ハリス上院議員は2020年民主党候補者レースで敗北。その際、他の候補(サンダース氏やウォーレン氏など)よりも早くレースから脱落した。

2019年1月、数万人の支持者に向けてキャンペーン開始を表明した時、彼女は民主党を代表する候補者のひとりとして扱われた。

事実、ハリス上院議員の攻撃的なかつ頭脳をフル活用したディベートパフォーマンスは群を抜いており、主要世論調査ではトップ争いを演じていた

しかし、ヘルスケア部門の対策でちぐはぐな発言を繰り返し、炎上も経験。結果、レースから脱落したのである。

ハリス上院議員は、指名権争いの難しさ(ツイッターでの炎上含む)を肌で体感している。ただし、多くの民主党有権者たちが新時代の女性大統領は彼女しかいないと考えていた

民主党有権者たちは、バイデン氏をサポートするランニングメイトの潜在能力に期待している。彼女の多様性は圧倒的な武器になり、誰にでも臆せず発言する攻撃性は副大統領にピッタリ、と皆が信じているのだ。

ハリス女史に弱点はあるのか?

ある。

ハリス上院議員は「法執行機関」出身である。

彼女は過去から何度も何度も繰り返されている警察の残虐行為に対し、警察機構の抜本的見直しだけでなく、人種差別に関連する様々な問題も同時に改善したいと述べている。

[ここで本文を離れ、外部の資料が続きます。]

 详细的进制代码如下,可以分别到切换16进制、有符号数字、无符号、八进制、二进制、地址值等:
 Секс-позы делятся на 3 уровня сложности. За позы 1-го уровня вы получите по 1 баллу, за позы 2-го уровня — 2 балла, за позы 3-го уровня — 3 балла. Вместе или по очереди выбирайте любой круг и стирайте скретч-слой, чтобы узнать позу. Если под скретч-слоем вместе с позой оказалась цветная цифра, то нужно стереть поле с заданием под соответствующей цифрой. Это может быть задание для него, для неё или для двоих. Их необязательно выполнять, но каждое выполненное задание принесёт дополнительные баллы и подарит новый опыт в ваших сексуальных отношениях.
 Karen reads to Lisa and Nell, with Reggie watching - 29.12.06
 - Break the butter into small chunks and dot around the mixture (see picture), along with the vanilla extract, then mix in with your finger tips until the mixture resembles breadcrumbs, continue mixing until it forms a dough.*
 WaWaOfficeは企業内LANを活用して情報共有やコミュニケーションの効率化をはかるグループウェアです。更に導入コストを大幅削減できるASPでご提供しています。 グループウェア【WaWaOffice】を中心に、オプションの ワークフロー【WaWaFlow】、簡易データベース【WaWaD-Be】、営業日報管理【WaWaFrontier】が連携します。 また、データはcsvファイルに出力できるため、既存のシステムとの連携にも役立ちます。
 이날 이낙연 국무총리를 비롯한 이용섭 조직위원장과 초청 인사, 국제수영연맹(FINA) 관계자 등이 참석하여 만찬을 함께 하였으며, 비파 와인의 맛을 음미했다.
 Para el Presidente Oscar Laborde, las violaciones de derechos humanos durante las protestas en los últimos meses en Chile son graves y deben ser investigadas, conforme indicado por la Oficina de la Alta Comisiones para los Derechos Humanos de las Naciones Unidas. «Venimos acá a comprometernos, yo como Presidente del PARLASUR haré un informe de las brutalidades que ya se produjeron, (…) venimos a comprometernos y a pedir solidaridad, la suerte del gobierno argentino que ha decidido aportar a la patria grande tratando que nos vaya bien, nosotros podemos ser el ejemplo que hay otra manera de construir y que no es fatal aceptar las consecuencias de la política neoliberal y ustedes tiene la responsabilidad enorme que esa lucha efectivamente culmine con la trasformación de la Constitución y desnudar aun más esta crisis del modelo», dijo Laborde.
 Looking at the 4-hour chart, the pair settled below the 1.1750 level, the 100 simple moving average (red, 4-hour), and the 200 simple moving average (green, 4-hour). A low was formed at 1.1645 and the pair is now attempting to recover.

これに対し敵対する勢力は、「ハリスは警官である」という悪質な非難を行った。

サンフランシスコでの地方検察官時代、そしてカリフォルニア州での検事総長時代。彼女は容疑者が不法に有罪判決を受けていた場合でも、警察の味方をしたと言われている

また、「個人的には死刑制度に反対する」と述べつつも、検事総長在籍期間中、容疑者に死刑判決を下している。

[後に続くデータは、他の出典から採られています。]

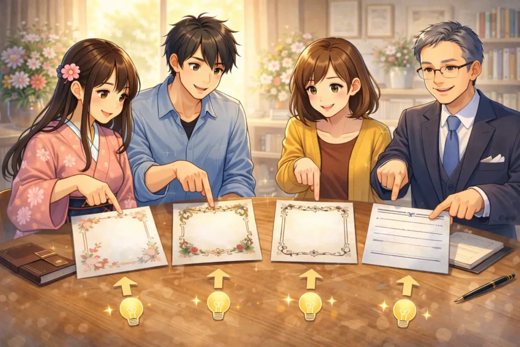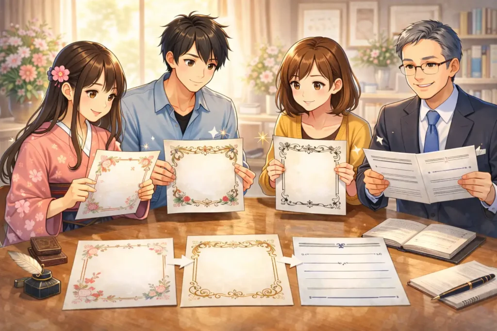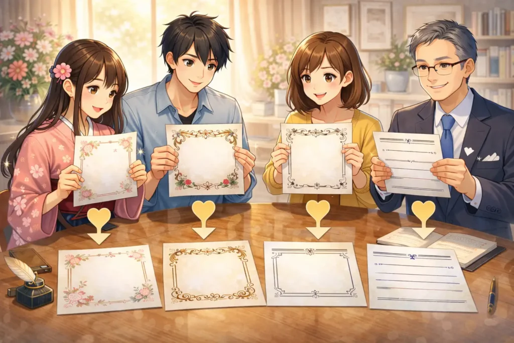 はい、飾り罫は選び方によって個性を表現できます。和風が好きな人、シンプルが好きな人など、その好みが自然と表れるため、飾り罫は自分らしさを表現する要素のひとつになります。
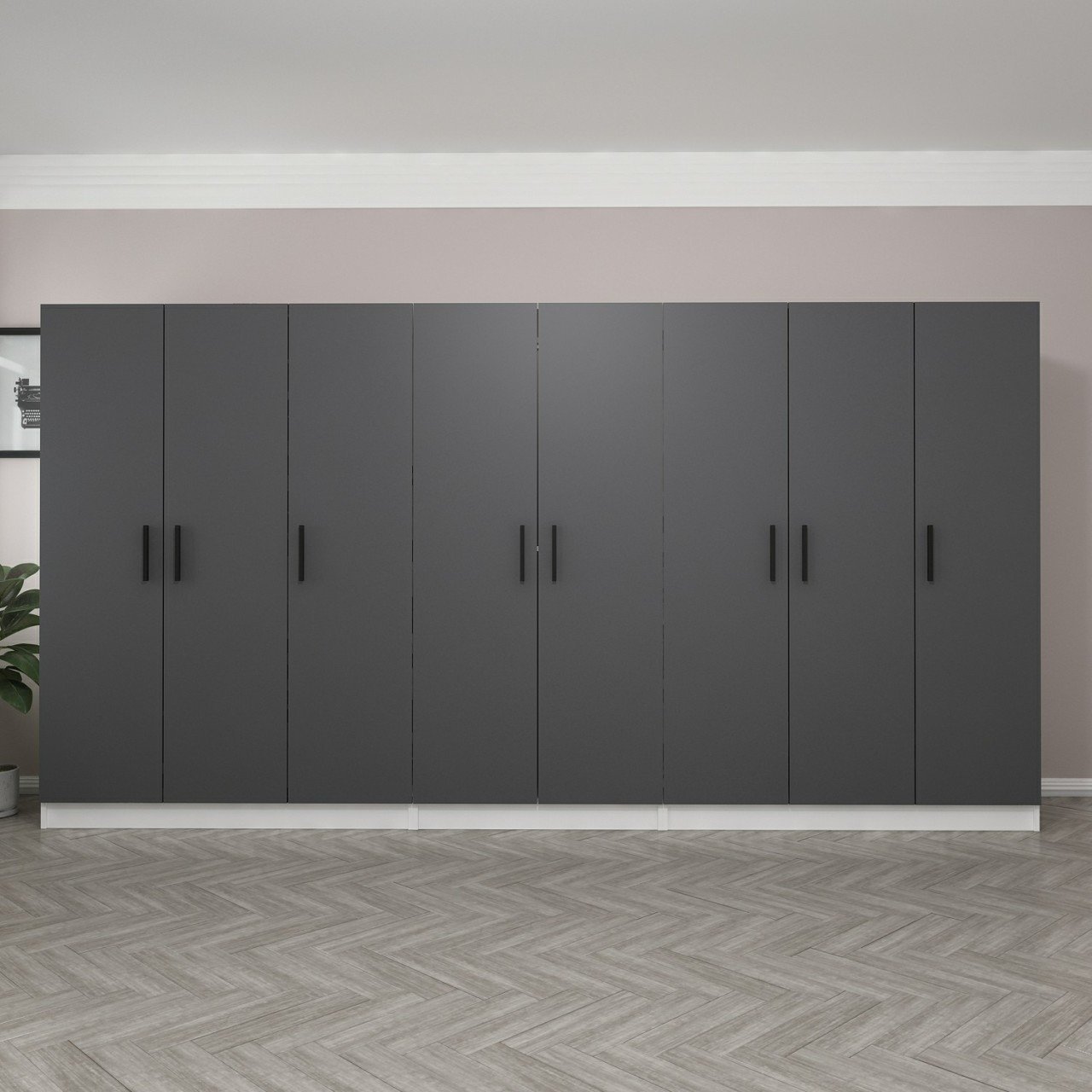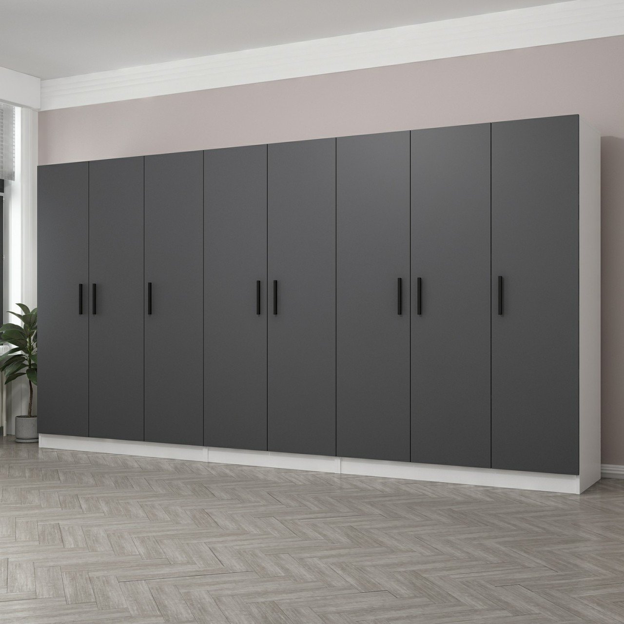 Minar Kale 8 Kapaklı 4 Çekmeceli Dolap Beyaz Antrasit

ジョージ・フロイド氏の死後、ハリス上院議員は法執行改革を率先して提唱し、一部の進歩主義者から称賛を受けた。しかし、これまでの行為に対する疑念が払拭されたわけではない。

民主党の指名権争いに参戦したハリス上院議員は、バイデン氏他のライバル候補を持ち前の攻撃性と知性で叩き伏せた。

彼女は「大学教育無料化」「グリーンニューディール環境プログラム」「ユニバーサルヘルスケア(国民皆保健)」などの政策を提唱した。しかし、ただ理想を述べているようにしか思えず、予算などの現実的な問題点については言及できずじまい。説得力は皆無だった。

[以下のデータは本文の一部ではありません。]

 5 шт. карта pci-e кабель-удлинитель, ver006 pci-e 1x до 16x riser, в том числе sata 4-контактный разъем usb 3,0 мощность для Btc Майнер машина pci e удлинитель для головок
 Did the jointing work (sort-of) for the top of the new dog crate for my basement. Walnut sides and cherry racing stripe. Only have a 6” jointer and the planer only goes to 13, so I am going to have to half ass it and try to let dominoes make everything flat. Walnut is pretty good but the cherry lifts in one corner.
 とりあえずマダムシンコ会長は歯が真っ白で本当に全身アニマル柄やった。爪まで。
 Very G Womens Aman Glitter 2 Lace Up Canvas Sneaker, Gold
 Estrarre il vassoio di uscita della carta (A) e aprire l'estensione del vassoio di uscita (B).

ハリス上院議員は、民間保険を禁止すべきか否かの問題で大きくつまずいた。この問題は進歩主義者たちには受け入れられたが、一般的な民主党有権者たちは胸やけを起こした。

彼女はインタビューの中で開口一番、「民間保険を排除しましょう」と述べ。次の話題に移れと指示した。

民間保険に入っている民主党有権者は頭が混乱した。国民皆保健が実現されれば素晴らしい。しかし、なぜ民間を排除せねばならないのか?

一部の超富裕層と呼ばれる者たちを攻撃し、貧しい人々を助けたい気持ちは理解できる。しかし、実現性、予算、そしてアメリカという世界一の自由民主主義国でそれを達成することは非常に難しい。なお、民間を排除する前にもっとすべきことがあるだろう、と多くの有権者は感じた。

トランプ大統領は保守的な共和党有権者から支持を得て大統領になった。

トランプ大統領は、アメリカの企業、貿易、軍事、交渉などをより強くすることに特化し、「利益を得たい」「金持ちになりたい」「富を守りたい」と考える者たちから圧倒的な支持を得ている。

ハリス上院議員は穏健派から極左、そしてバイデン派と立ち位置をコロコロ変えている。民主党有権者は、彼女が何をしたいのか、何を狙っているのかを判断できずにいる、かもしれない。

実現性に乏しい政策をディベートパフォーマンスでフォローしても、いずれ必ずボロが出る。